Pocketina, I didn't realize that you had cancer in both breasts (although I knew you opted for a double mastectomy). I asked my oncologist about the prophylactic removal of my second breast but he didn't feel it was necessary. I must admit that, at times, I do feel that I would breathe easier with one fewer place for the cancer to go.

On the other hand, when my cancer spread it went to my lymph nodes and then my liver.

I forget - did you ever tell me if your mom wears a prosthesis?

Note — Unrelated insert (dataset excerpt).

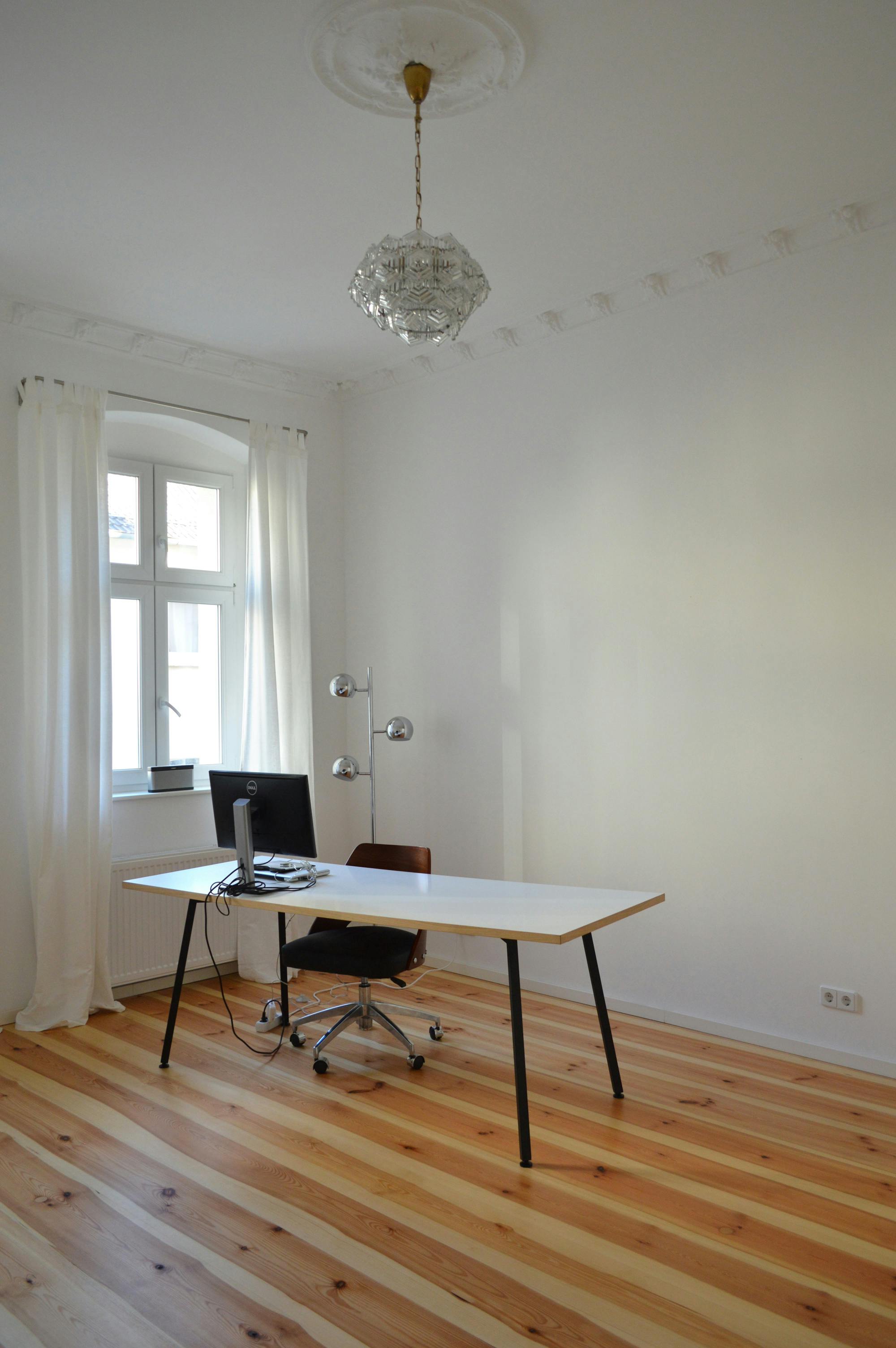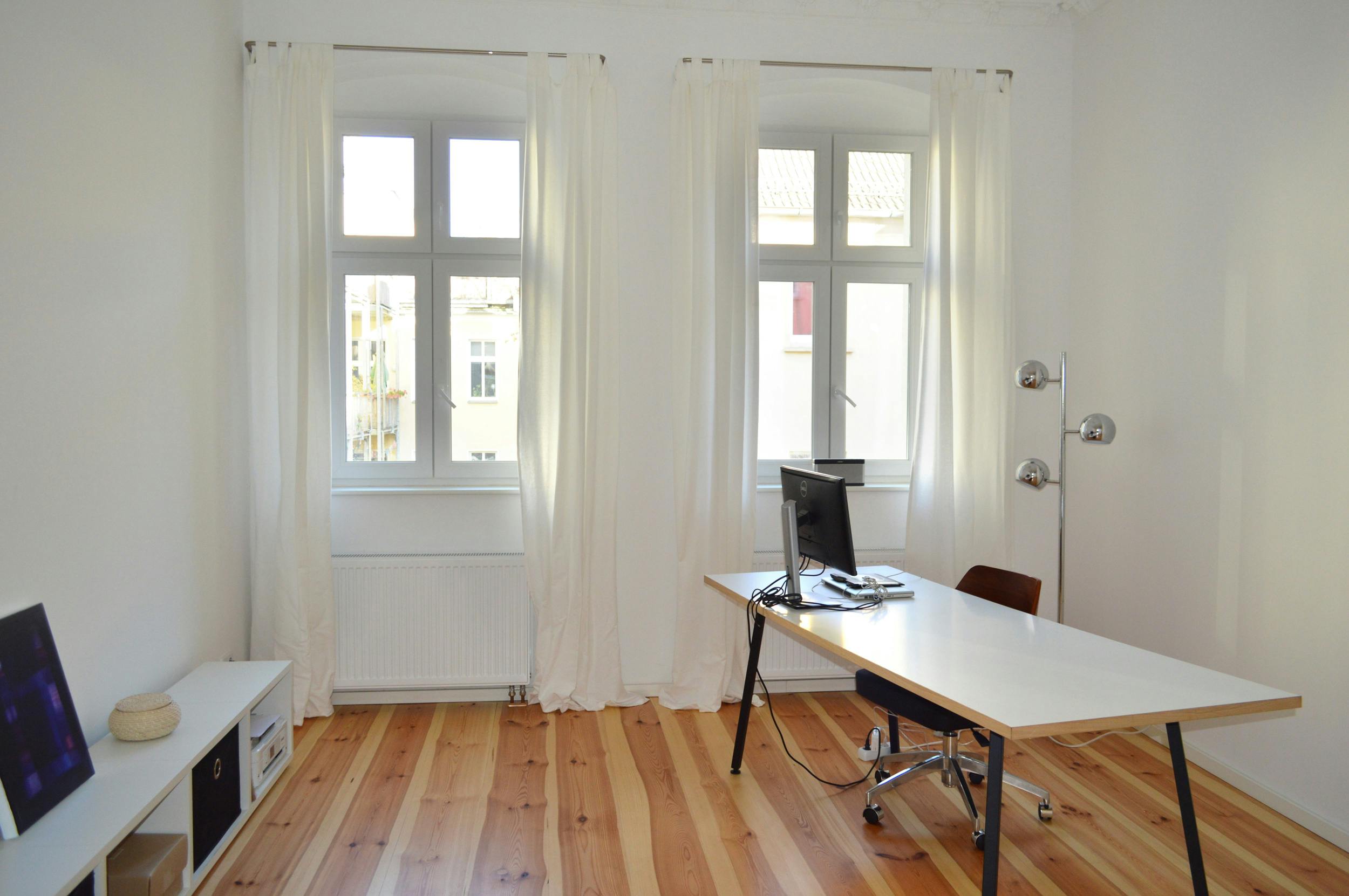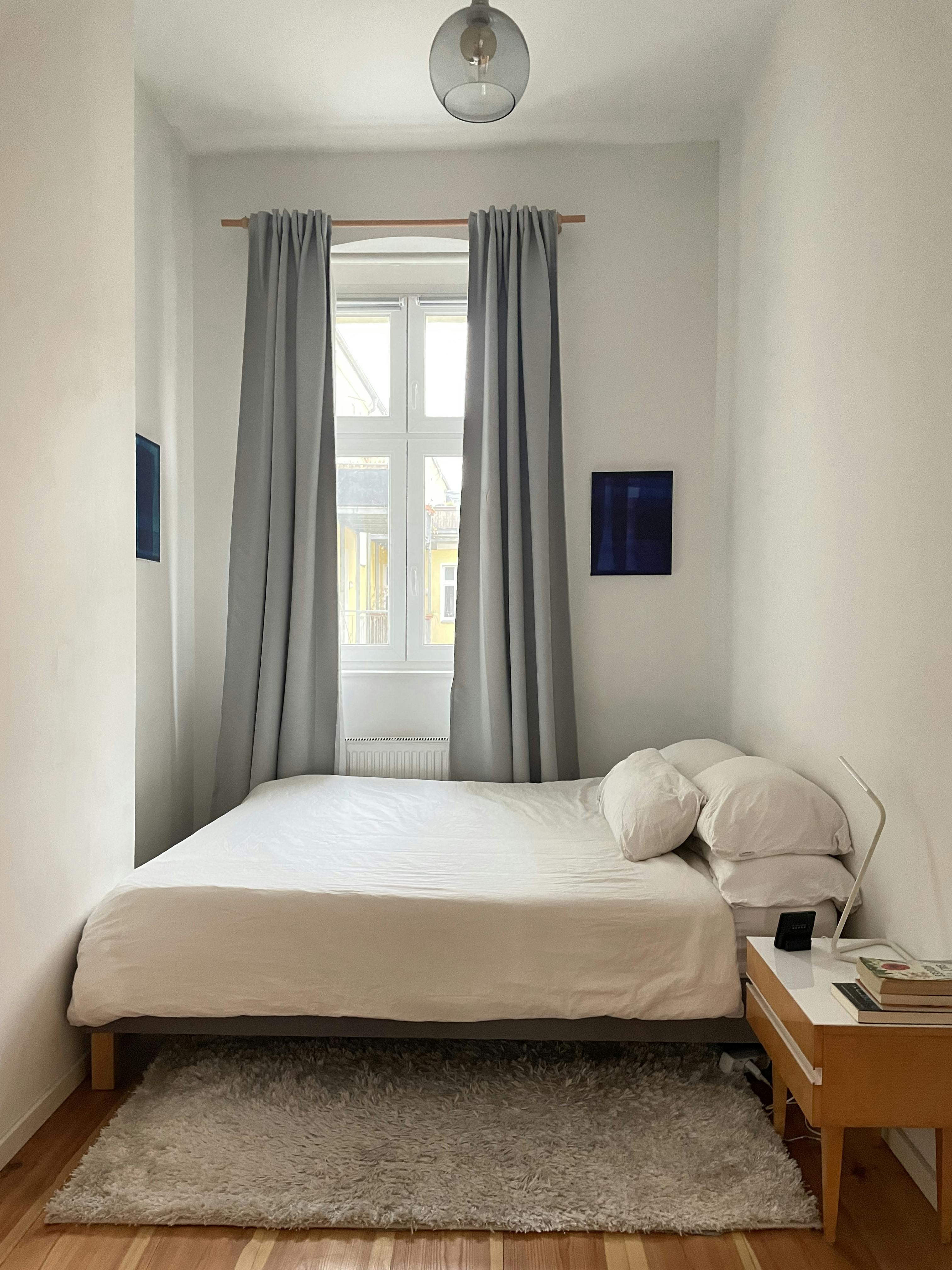 Beautiful, newly renovated, sunny 1BR apartment with a large office and fully equipped open kitchen with a dishwasher and washing machine. The bedroom with a 160 x 200 bed and office are quiet facing the back. The bathroom has Villeroy and Boch fixtures, and the living room has a small balcony with a beautiful view. It is minimally and tastefully furnished (no Ikea!), and has all the comforts you need. The high ceilings, stucco, wooden plank floors, and balcony make it a charming typical Berlin Altbau. It's right across from Petersburger Platz, a charming square with a few...

I have to say that it would be much easier to dress if I weren't a c cup on one side and flat on the other....

laurie said...

Oh, and as for tattoos, if I ever get a long enough break from chemo to build up my immune system, I plan to get a tattoo of a raven under my portacath scar.

Anonymous said...

Hi Laurie and the other commenters

The first poster asks if anyone opted voluntarily to have "the other" breast removed. I did just that. Voluntarily maybe doesn't quite capture the mood. I had aggressive cancer in my right breast. I have a strong hereditary background of bilateral (both) invasive cancer. But yes, I did have, at the time of surgery, a perfectly healthy left breast that is now history.
I chose not to live with a high level of worry that cancer would recur in the left breast, go undetected via Mammogr, as often happens with younger women's denser breasts, and wind up turning invasive before it was detected.
It is also true that I really like symmetry, and this played into my decision-making.


Mary who blogs at http://brys.wordpress.com/

Anonymous said...

Laurie, sorry, I didn't keep up on this post! I meant to answer your question & say that your tattoo idea is the coolest ever.
My mom has a prosthesis, which she keeps around for especially uptight friends & relations, but 99% of the time, she doesn't bother with any of that. She's a B-cup, but she also wrestles with the weirdness of shirts sometimes.
I think that's why we're both so appreciative of Rebel1in8's whole thing, she's giving us what we want, and making it look so cool, too.